You certainly could prove that first, but it's certainly not necessary. It's a simple matter of noting that (2s+t)t>2st.

Since 2s is a positive constant with respect to t, taking t<1/(2s) (which again must exist, since 1/(2s) is not the smallest positive real number) is sufficient.

EDIT: Scratch this post. I recall seeing you say something somewhere that I now don't see anywhere at all, haha. Apologies.

I disagree mXSCNT. The fact that the limit is 0 as t goes to 0 is a consequence of the fact that sufficiently small t exists. Since they're equivalent, the converse is true also, but the idea of a limit of a function (or even the idea of a function at all) is a more complex concept than is necessary for this proof.

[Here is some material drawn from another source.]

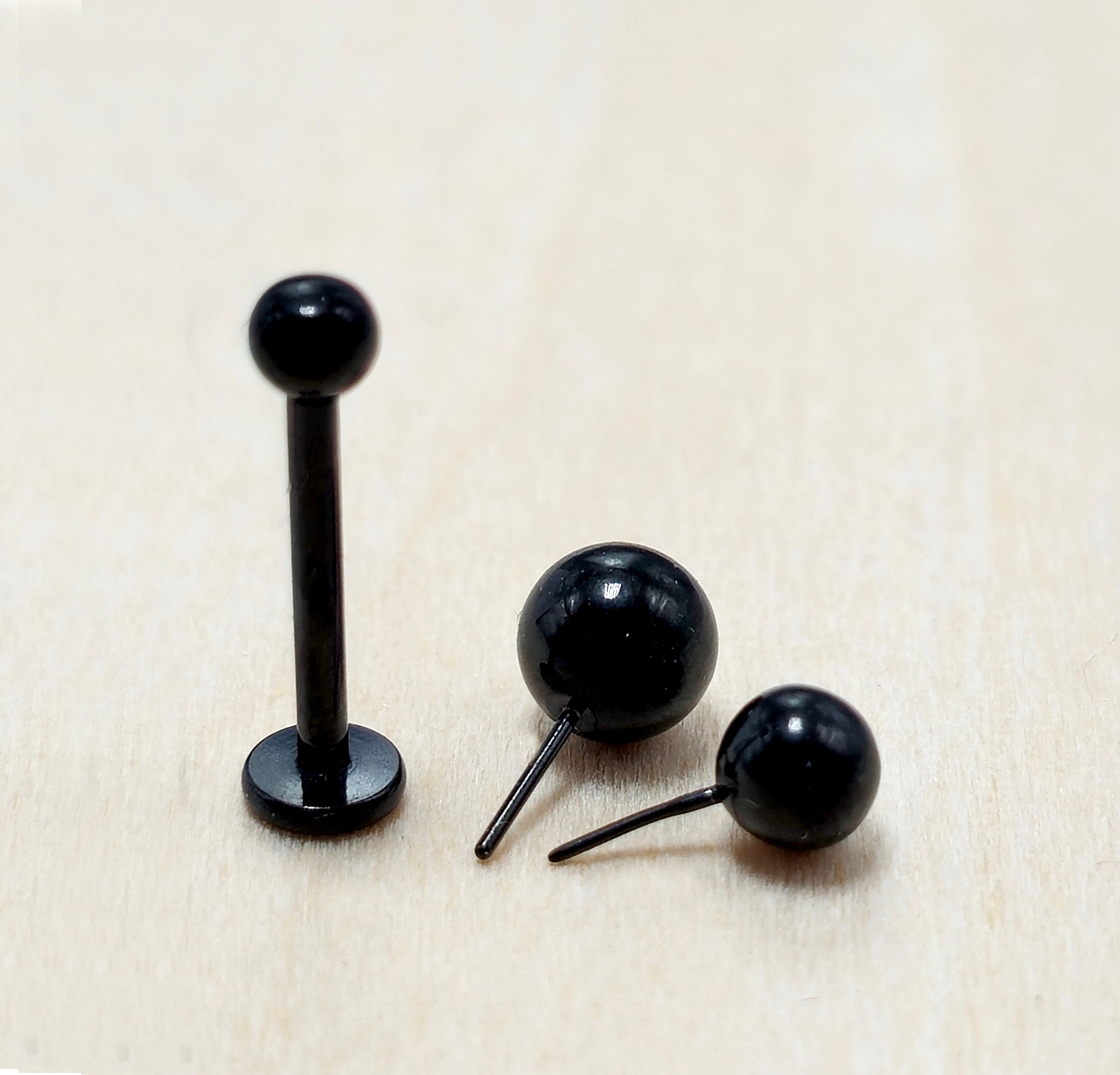 Titanium Threadless Black Labret Stud Piercing 18g 16g Lip Piercing Jewelry, Tragus Helix Cartilage Madonna Medusa Side Labret

You certainly could prove that first, but it's certainly not necessary. It's a simple matter of noting that (2s+t)t>2st.

Since 2s is a positive constant with respect to t, taking t<1/(2s) (which again must exist, since 1/(2s) is not the smallest positive real number) is sufficient.

EDIT: Scratch this post. I recall seeing you say something somewhere that I now don't see anywhere at all, haha. Apologies.

I did edit my post. But there's a mistake in your logic. (2s+t)t > 2st doesn't help you because you're trying to find a small value of (2s+t)t, not 2st. Showing that you can make 2st small through choice of t is of no use. Better to start with t < s for a range of s near sqrt(2) that we're interested in, and therefore (2s+t)t < (2s+s)t. Then you can set t to something like (2-s^2)/(2s+s), so that (2s+t)t < (2s+s)t = 2-s^2 (and then go back and justify t < s for some range of s).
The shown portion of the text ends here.